After about an hour, the kids were cold, so we loaded up and headed home for some fresh fish tacos!


----------



## taxidermist (Sep 11, 2007)

Looks good! Glad that you and the kids had success. Nothing worse than not catching fish when the Kidos are with you.


----------



## johnrr65 (Nov 7, 2019)

Looks great!


----------



## T-dubs-42 (Sep 8, 2015)

Glad to see consistent size like that from Pineview, last couple years the perch have been micro apart from a few.


----------



## backcountry (May 19, 2016)

Nice job getting the family out for a few hours on the holiday!


----------



## Slap That Quack (Mar 2, 2017)

Greay job! How thick was the ice up there?


----------



## CPAjeff (Dec 20, 2014)

Slap That Quack said:


> How thick was the ice up there?


6" - 8"

The best part for me was watching my kids sharing intently at the end of the pole, watching for any indication of a bite. Good thing the bites came as quickly as I set the pole down, because at six and four, their attention span it's that great!


----------



## bowgy (Oct 10, 2007)

Awesome, that smile on the first pic is worth a million bucks. Good job dad.


----------



## pollo70 (Aug 15, 2016)

Congrats! nothing better then having the Kids out and catching fish.. that makes those tacos taste even better with some of that home made love!


----------



## MWScott72 (May 23, 2011)

Hey Jeff - what part of the lake were you fishing and depth? All I've heard so far was reports of smaller perch, so it's nice to see some bigger ones...even if they're not jumbos.

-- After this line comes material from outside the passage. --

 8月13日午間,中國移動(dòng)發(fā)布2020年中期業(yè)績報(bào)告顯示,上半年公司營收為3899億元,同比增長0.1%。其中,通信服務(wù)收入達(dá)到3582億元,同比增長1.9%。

Good job taking the kids out.  I'm glad the fish cooperated for you. Those tacos look great too - I'm already hungry and it's only 9:40am...


----------



## CPAjeff (Dec 20, 2014)

MWScott72 said:


> Hey Jeff - what part of the lake were you fishing and depth? All I've heard so far was reports of smaller perch, so it's nice to see some bigger ones...even if they're not jumbos.
> 
> Good job taking the kids out. I'm glad the fish cooperated for you. Those tacos look great too - I'm already hungry and it's only 9:40am...

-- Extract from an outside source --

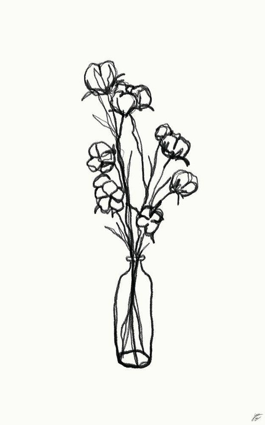 Floral Sketch III White Modern Wood Framed Art Print with Double Matting by Lee, Judson

Thanks for the kind words!

We were off Cemetery Point, in about 20 feet of water. However, people were catching them in 10 - 30 feet. I don't know if the perch were super active that day or what, but everyone around was hammering them. Good luck!


----------



## Kingfisher (Jul 25, 2008)

we did the east side just off the parking lot in about 15... maybe 20 feet of water got 25 in an hour and a half. perch meat was the ticket.


----------



## alaska (Mar 22, 2020)

Looks like the place if relaxing, great job and have fun.


----------